PREMISES AND PROPERTY
The liability around clinic property is a broad topic in itself. An attorney can help you identify a variety of future scenarios you’ll want to consider as you sign off on commitments. For instance, a bad lease can stay with you many years. You’ll want to make sure you’ve negotiated an office lease that includes a renewal clause or other options that will serve you well as your clinic needs shift.
An issue that is far more common than people would realize is embezzlement—when clinic property or resources are stolen by an employee or partner. The most common occurrence is when one employee or partner is responsible for receiving the mail, opening the mail, making deposits, and writing the checks to pay the bills, which can easily be falsified. Another instance is when cash co-pays are received and then pocketed. These kinds of scenarios occur when too much trust and responsibility is given to one person and there is little to no oversight. A reasonable checks-andbalances system to have in place, for instance, would be to have one person authorized to write the checks and another authorized to sign the checks. Says Keay, “I have a client who experienced three embezzling bookkeepers in a row before calling me. Management always seems surprised to find their trust violated.”

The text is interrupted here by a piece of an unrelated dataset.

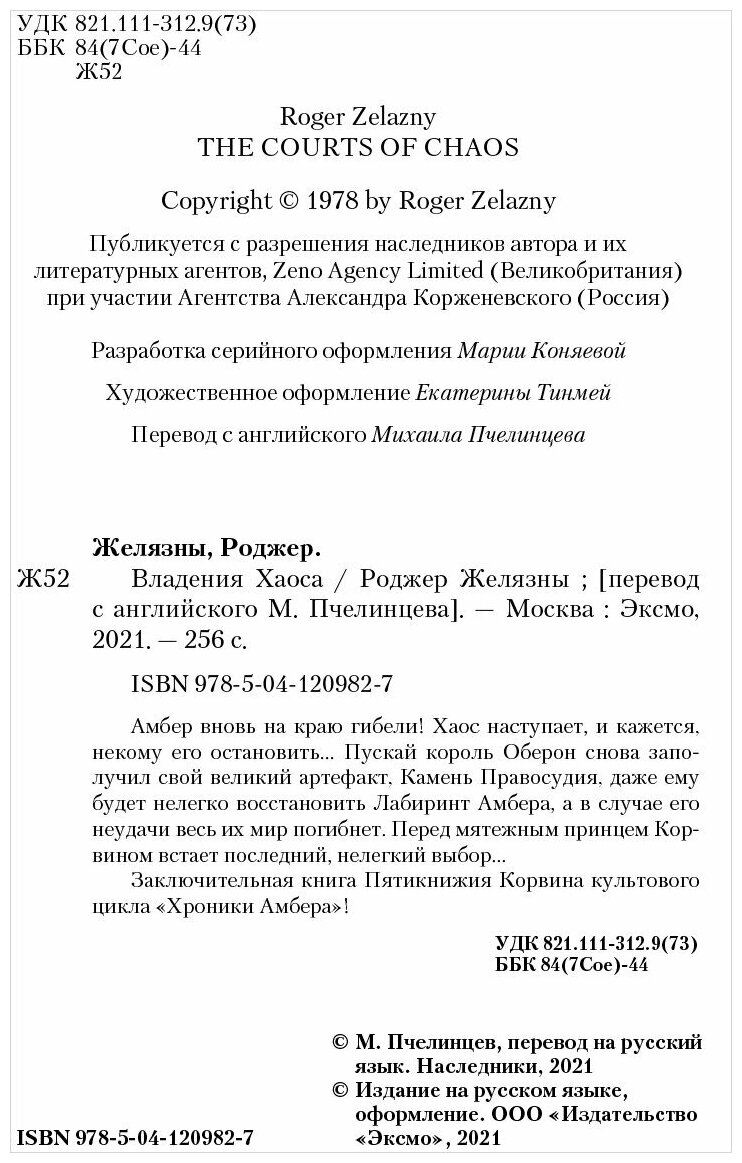 Книга: Владения Хаоса (Роджер Желязны); Эксмо, Редакция 1, 2021

A short summary of common property issues requiring legal assistance includes:
- Real estate—the lease or purchase of property
- Equipment—the rental or purchase of equipment necessary to successfully do your job
- Embezzlement—how to avoid it and what to do when it happens at your clinic
- ADA compliance—managing issues around accessibility laws for which you may have responsibility, but limited expertise
PARTNERSHIP AND MEMBER AGREEMENTS (OR DISPUTES)
Practices are dynamic. The needs, goals, and motivation levels at the start of a professional relationship may be profoundly different than at the end of a relationship. At the rosy outset of a relationship, partners often don’t want to think through the possible changing needs of partners. Developing successful agreements includes objective, long-term thinking and planning for a variety of outcomes that might crop up, such as purchases, sales or mergers of clinics, or the impact of a death or divorce of a partner. The foresight and experience to know what situations can crop up will help create the most clear partnership documents when changes take place.
Also, younger physicians often ask about a demonstrated path to partnership. With this in mind, some additional considerations for agreements include whether a member is or can become:
- An equity partner vs. non-equity partner
- A junior partner vs. a senior partner with voting rights
The sale of a practice (or a percentage buyout) at the end of a career is likely the most complex transaction a physician will ever face. The agreement—and its impact on related others— should be carefully considered with the help of an experienced professional. Legal counsel who is able to prepare the appropriate documents may start with a boilerplate document but may also explore the many customizable options possible in order to pin down clear executional details. A successful exit strategy may be 12–18 months in the planning; don’t make the mistake of investing time in this pivotal stage of your career without legal support.
Most physicians have met that stubborn patient who has long avoided going to the doctor when what they need most is the care of a professional. Similarly, make sure you’ve covered your bases and that you get the legal help you need to keep you in the exam room and out of the court room.